Some of the spirits' messages to Owen were published in the Strand Magazine
in July 1917 and unsuccessful attempts were made to publish the full text as a book. His career as a spiritualist writer might well have ended at this point, had it not been for the intervention of a more famous writer and spiritualist: Arthur Conan Doyle. Dismayed by the Church of England's apparent disregard for spiritualism displayed at the 1919 Church Congress, Conan Doyle responded with a lecture which named Owen as both a devoted parish priest and the greatest writing medium in England today (Doyle, Our Reply to the Cleric
, 7). The speech was reported in The Times
(20 Oct 1919) and journalists made their way to Owen's door. Lord Northcliffe obtained a copy of Owen's script, and serialized it in the Weekly Dispatch
in 1920. Owen refused remuneration for the work. The spirit messages were subsequently published as The Lowlands of Heaven
and The Highlands of Heaven
, The Ministry of Heaven
, and The Battalions of Heaven
An article in the Church Times
in 1921 strongly criticized Owen's work, and, even as his fame grew, he found himself at odds with his bishop. Although Chavasse was undoubtedly hostile he did not hound Owen from his living, despite Conan Doyle's assertion (Doyle, History of Spiritualism
, 222). According to Owen himself, although viewed with suspicion by his superiors, he made the decision to leave Orford in order to give himself more fully to his new challenge: lecturing and promoting the importance of spiritual communication. He had not given up the Church, and continued to perform the duties of a priest whenever he was invited to do so (Owen, On Tour in USA
After leaving Orford in 1922, Owen and his wife moved to Finchley as Facts and the Future Life
was published, in which Owen set down his own thoughts on spiritualism. At the request of Conan Doyle he toured some of the eastern states in the USA; the tour was not a financial success, although he was warmly received. He returned to England and the family set up home at Lincoln Lea, Tubbenden Lane, Farnborough, Kent. Owen gave the remainder of his life to writing and to the cause he felt so strongly about: the need for the Christian faith and spiritualism to accommodate each other.

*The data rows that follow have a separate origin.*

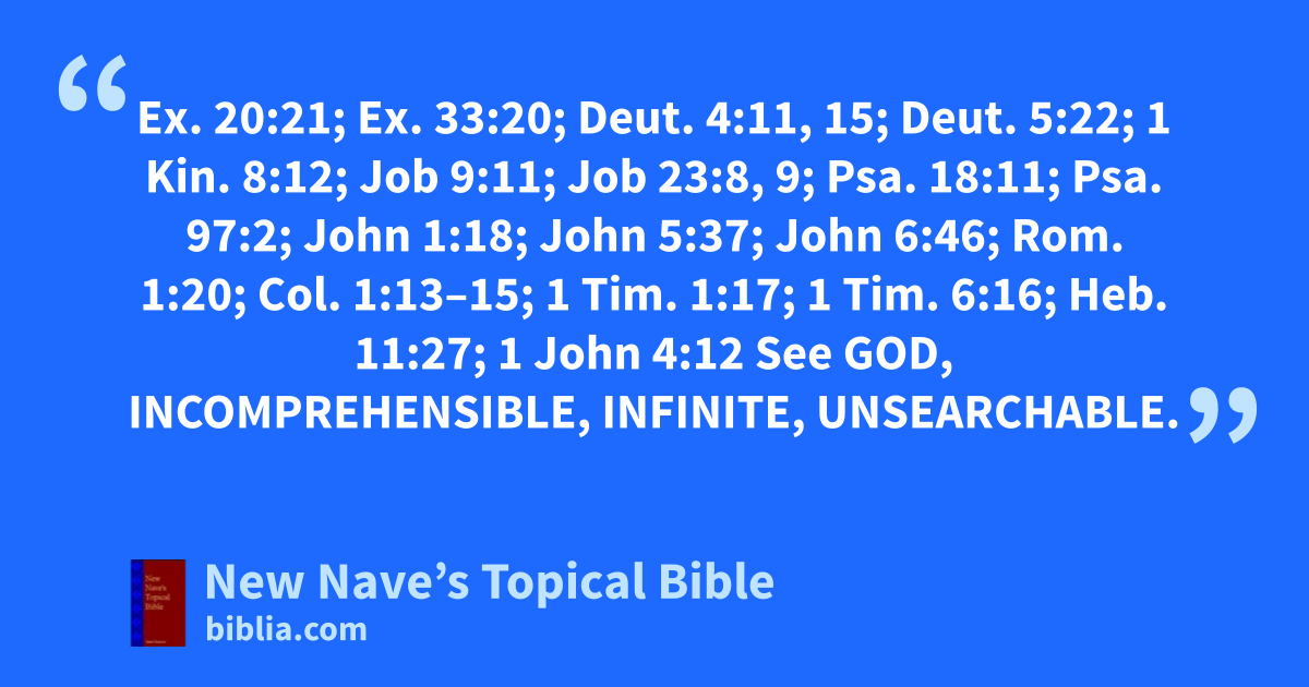 Invisible: Ex. 20:21; Ex. 33:20; Deut. 4:11, 15; Deut. 5:22; 1 Kin. 8:12; Job 9:11; Job 23:8, 9; Psa. 18:11; Psa. 97:2; John 1:18; John 5:37; John 6:46; Rom. 1:20; Col. 1:13–15; 1 Tim. 1:17; 1 Tim. 6:16; Heb. 11:27; 1 John 4:12 See God, Incomprehensible, Infinite, Unsearchable.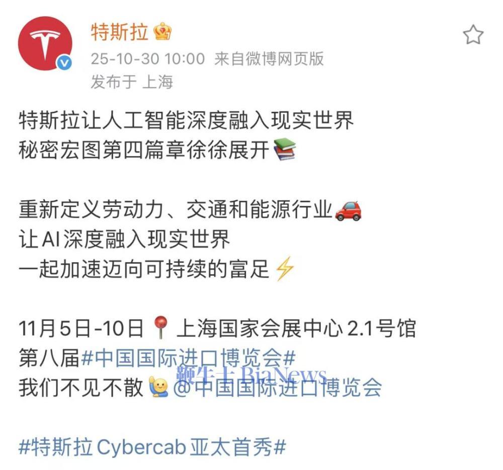 特斯拉还表示,在会上将迎来其自动驾驶出租车Cybercab的亚太首秀。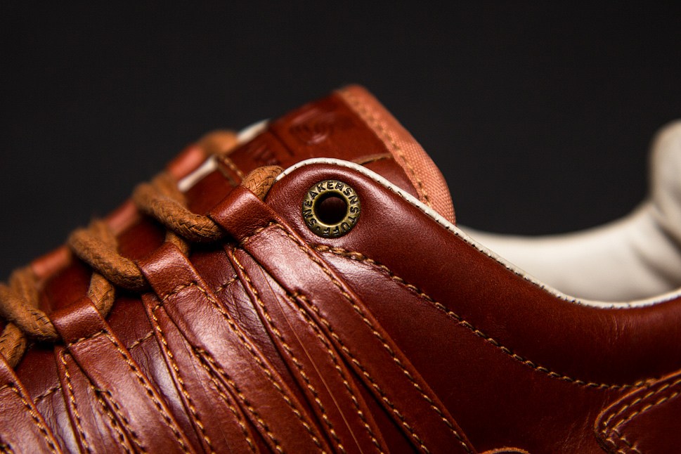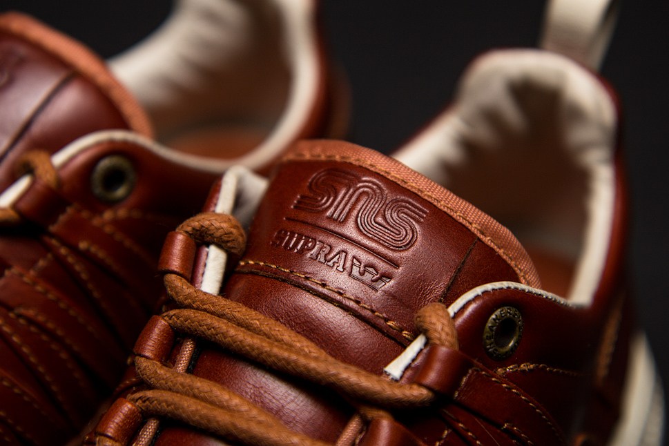 Supra’s ever-growing catalog features a variety of tongue branding and not all that many traditional tongue tags. Erik Ellington’s Diablo is one of the more notable exceptions, featuring a mysterious script on the inner portion whose meaning is less clear than what we saw Friday when Stockholm, Sweeden’s SneakersNStuff teased a new collaboration with Supra collabo. It’s a quick turnaround today, as SNS comes through with a confirmation that their brown leather design for the Crown brand is directly in line with their previous tag team efforts. The SNS x Supra Owen keeps one of Europe’s best boutiques in step with their many classic running collabos, meanwhile bringing Supra some added attention for their first ever casual runner. This luxurious ‘Curry’ leather design features a Tre Kronor debossing on the inner tongue in honor of the Swedish coat of arms and will release in just 365 pairs along with matching leather phone cases, starting in-store next Saturday, November 17th with an online drop to follow on Monday the 19th.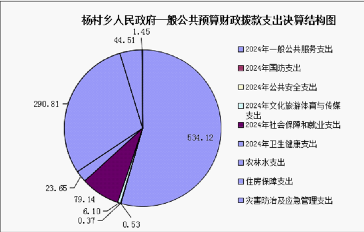 2024年度一般公共预算财政拨款支出980.68万元,主要用于以下方面:一般公共服务支出534.12万元,占54.46%;国防支出0.53万元,占0.06%;公共安全支出0.37万元,占0.04%;文化旅游体育与传媒支出6.1万元,占0.62%;社会保障和就业支出79.14万元,占8.07%;卫生健康支出23.65万元,占2.41%;农林水支出290.81万元,占29.65%;住房保障支出44.51万元,占4.54%;灾害防治及应急管理支出1.45万元,占0.15%。

What is needed at the present time is the Christianising of Spiritualism on the one hand and the Spiritualising of the Churches on the other. I am out to do what I can, be it only a little, to this end. (Owen, On Tour in USA, 143)
In early 1931 Owen was diagnosed with bowel cancer, and died at his home in Farnborough on 8 March 1931. His body was cremated at West Norwood crematorium and the service was conducted by the rector of Farnborough and a Free Church minister and leading spiritualist, Charles Drayton Thomas.